## [Action item]
Return each line of the data below verbatim; pictures are to be left out.

## [Data below]
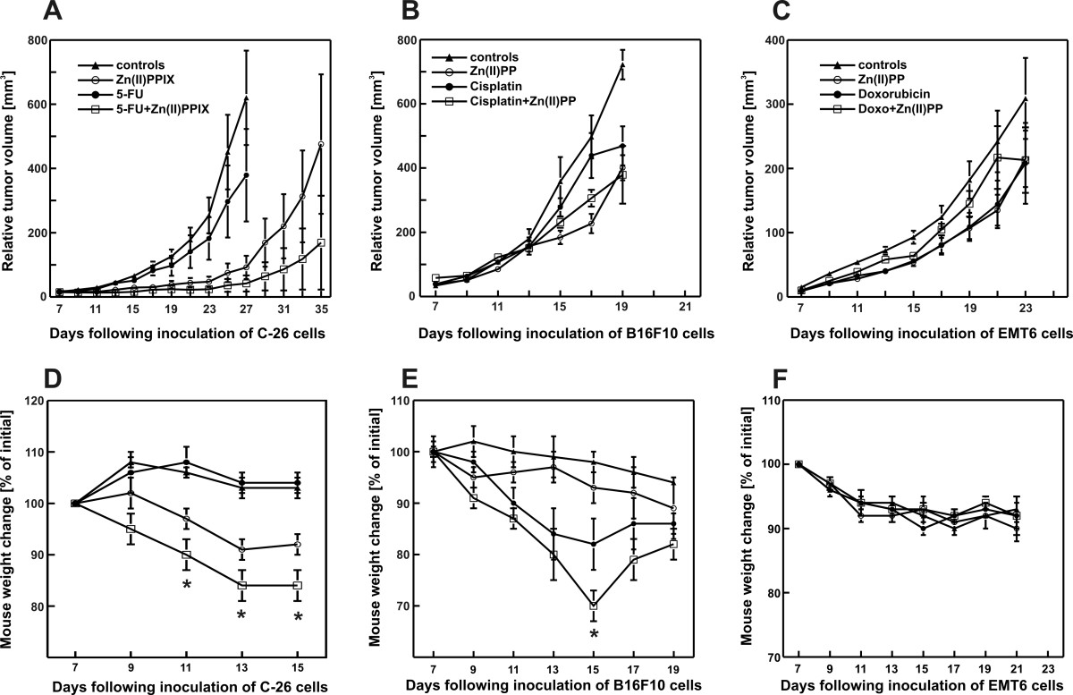 For in vivo experiments evaluating the effectiveness of combine treatment using Zn(II)PPIX and chemotherapeutics, exponentially growing C-26, EMT6 and B16F10 cells were injected at the dose of 1 × 105, 1 × 105 and 1 × 106 cells per mouse, respectively into the footpad of the right hind limb of experimental mice. Zn(II)PPIX treatment (50 mg/kg i.p.) was started on the day 7 after inoculation of tumor cells and continued for 7 consecutive days. First dose of HO-1 inhibitor was administered 1 h before each of the chemotherapeutics to eliminate any possible interactions (such as neutralization) between drugs. Cisplatin (Platidam, Pliva-Lachema, Cech Republic) at the dose of 7.5 mg/kg i.p., 5-FU (Fluorouracil 1000 Medac, Medac, Hamburg, Germany) – 50 mg/kg i.p., or doxorubicin (Adriblastina RD, Pharmacia Italia, Milan, Italy) – 7.5 mg/kg i.p. were administered at a single dose on the day 7th after inoculation of tumor cells.
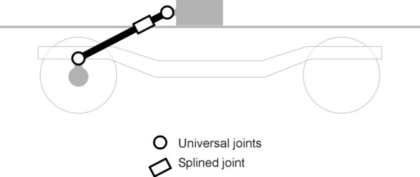 Now let’s look at a higher level. For a passenger vehicle having both primary and secondary suspension, almost the whole of the bogie contributes to unsprung mass at the level of the secondary springs. Although this has less effect on ride quality than unsprung mass further down the cascade, it is not ideal from the point of view of track wear, particularly in the case of a power bogie that is weighed down by one or more electric motors. It is good practice to move the motors as far as possible up the cascade, and on today’s high speed trains each motor is usually suspended from the vehicle body and linked to the wheelset through a Cardan shaft (figure 14).
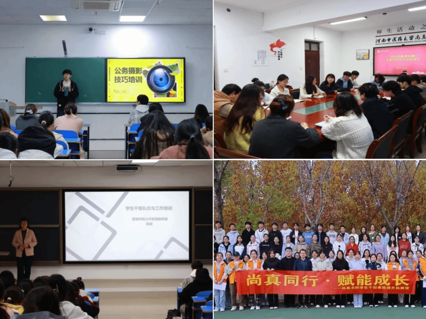 锤炼业务技能,夯实履职硬功。聚焦学生骨干岗位核心需求,精准开设3场针对性技能培训,补齐业务短板。10月25日的摄影技能培训上,校新媒体骨干成员从相机硬件基础与公务拍摄实战两方面入手,既拆解了曝光三要素、构图技巧等理论知识,又梳理了各类场景的拍摄规范。10月28日晚,管理学院陈颖老师带来的礼仪与规范培训,明确了学生骨干“服务、桥梁、榜样”的三位一体定位,细化了“凡事有交代,件件有着落”的工作准则,还传授了文件管理、沟通礼仪等实务技巧。11月18日,黄宁宇、杨文君两位老师直击新闻文讯撰写、推文制作、策划书打磨等工作难点,将抽象理论转化为可落地的操作方法,全方位提升了骨干的业务实操能力。
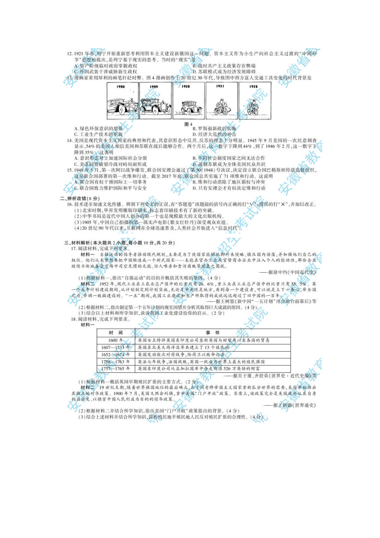 【文档预览】 无忧考网整理发布2020年安徽阜阳中考历史真题及答案(图片版),前五页预览如下:

## [Output below]
 For in vivo experiments evaluating the effectiveness of combine treatment using Zn(II)PPIX and chemotherapeutics, exponentially growing C-26, EMT6 and B16F10 cells were injected at the dose of 1 × 105, 1 × 105 and 1 × 106 cells per mouse, respectively into the footpad of the right hind limb of experimental mice. Zn(II)PPIX treatment (50 mg/kg i.p.) was started on the day 7 after inoculation of tumor cells and continued for 7 consecutive days. First dose of HO-1 inhibitor was administered 1 h before each of the chemotherapeutics to eliminate any possible interactions (such as neutralization) between drugs. Cisplatin (Platidam, Pliva-Lachema, Cech Republic) at the dose of 7.5 mg/kg i.p., 5-FU (Fluorouracil 1000 Medac, Medac, Hamburg, Germany) – 50 mg/kg i.p., or doxorubicin (Adriblastina RD, Pharmacia Italia, Milan, Italy) – 7.5 mg/kg i.p. were administered at a single dose on the day 7th after inoculation of tumor cells.
 Now let’s look at a higher level. For a passenger vehicle having both primary and secondary suspension, almost the whole of the bogie contributes to unsprung mass at the level of the secondary springs. Although this has less effect on ride quality than unsprung mass further down the cascade, it is not ideal from the point of view of track wear, particularly in the case of a power bogie that is weighed down by one or more electric motors. It is good practice to move the motors as far as possible up the cascade, and on today’s high speed trains each motor is usually suspended from the vehicle body and linked to the wheelset through a Cardan shaft (figure 14).
 锤炼业务技能,夯实履职硬功。聚焦学生骨干岗位核心需求,精准开设3场针对性技能培训,补齐业务短板。10月25日的摄影技能培训上,校新媒体骨干成员从相机硬件基础与公务拍摄实战两方面入手,既拆解了曝光三要素、构图技巧等理论知识,又梳理了各类场景的拍摄规范。10月28日晚,管理学院陈颖老师带来的礼仪与规范培训,明确了学生骨干“服务、桥梁、榜样”的三位一体定位,细化了“凡事有交代,件件有着落”的工作准则,还传授了文件管理、沟通礼仪等实务技巧。11月18日,黄宁宇、杨文君两位老师直击新闻文讯撰写、推文制作、策划书打磨等工作难点,将抽象理论转化为可落地的操作方法,全方位提升了骨干的业务实操能力。
 【文档预览】 无忧考网整理发布2020年安徽阜阳中考历史真题及答案(图片版),前五页预览如下:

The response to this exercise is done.